**Provided data:**
● ● ● ● ● ● ●
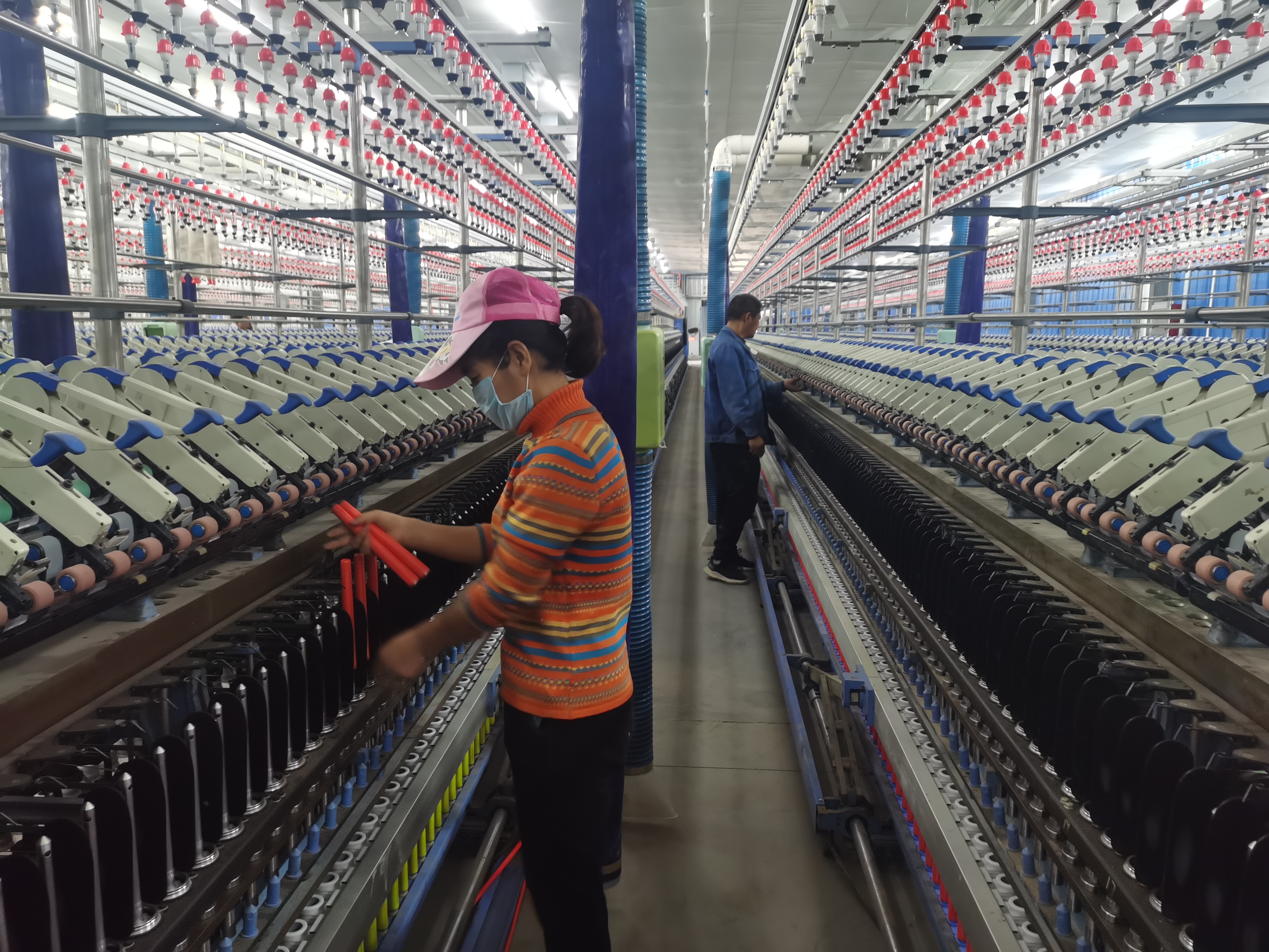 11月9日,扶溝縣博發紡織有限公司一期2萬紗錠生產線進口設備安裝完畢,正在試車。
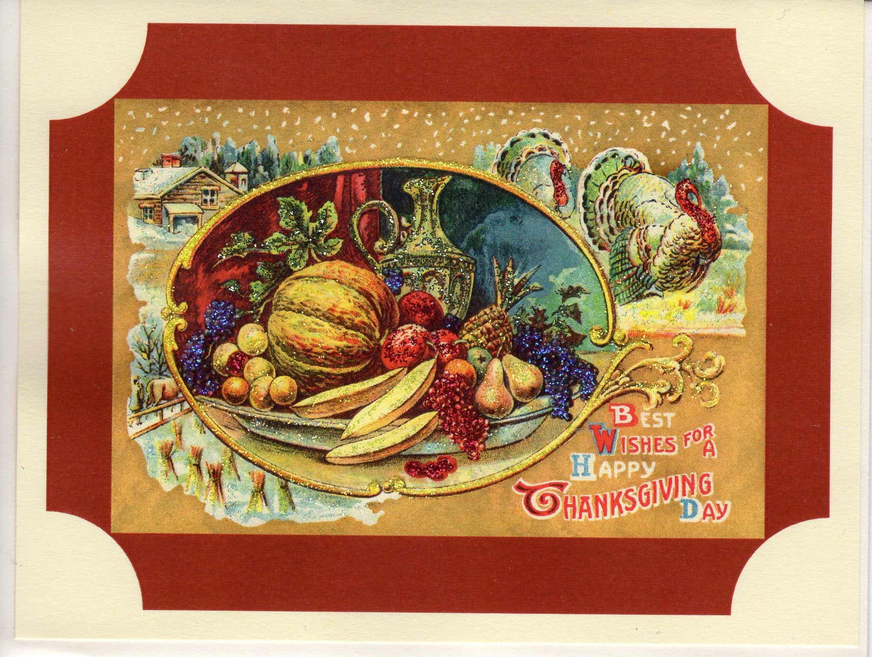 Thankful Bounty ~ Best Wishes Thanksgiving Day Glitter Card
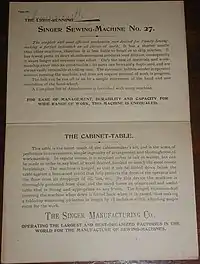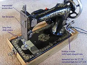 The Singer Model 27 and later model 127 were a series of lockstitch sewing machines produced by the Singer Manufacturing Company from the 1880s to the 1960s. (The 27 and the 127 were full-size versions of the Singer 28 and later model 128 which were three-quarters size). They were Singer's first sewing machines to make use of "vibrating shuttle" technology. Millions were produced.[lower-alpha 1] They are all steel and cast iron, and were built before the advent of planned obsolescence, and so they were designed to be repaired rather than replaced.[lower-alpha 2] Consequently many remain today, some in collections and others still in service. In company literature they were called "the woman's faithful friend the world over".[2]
● ● ● ● ● ● ●
**Exercise prompt:** Starting with the first line of the material above and ending with the line that holds "Thankful Bounty ~", write out those lines exactly, without pictures.

**Output for this exercise:**
 11月9日,扶溝縣博發紡織有限公司一期2萬紗錠生產線進口設備安裝完畢,正在試車。
 Thankful Bounty ~ Best Wishes Thanksgiving Day Glitter Card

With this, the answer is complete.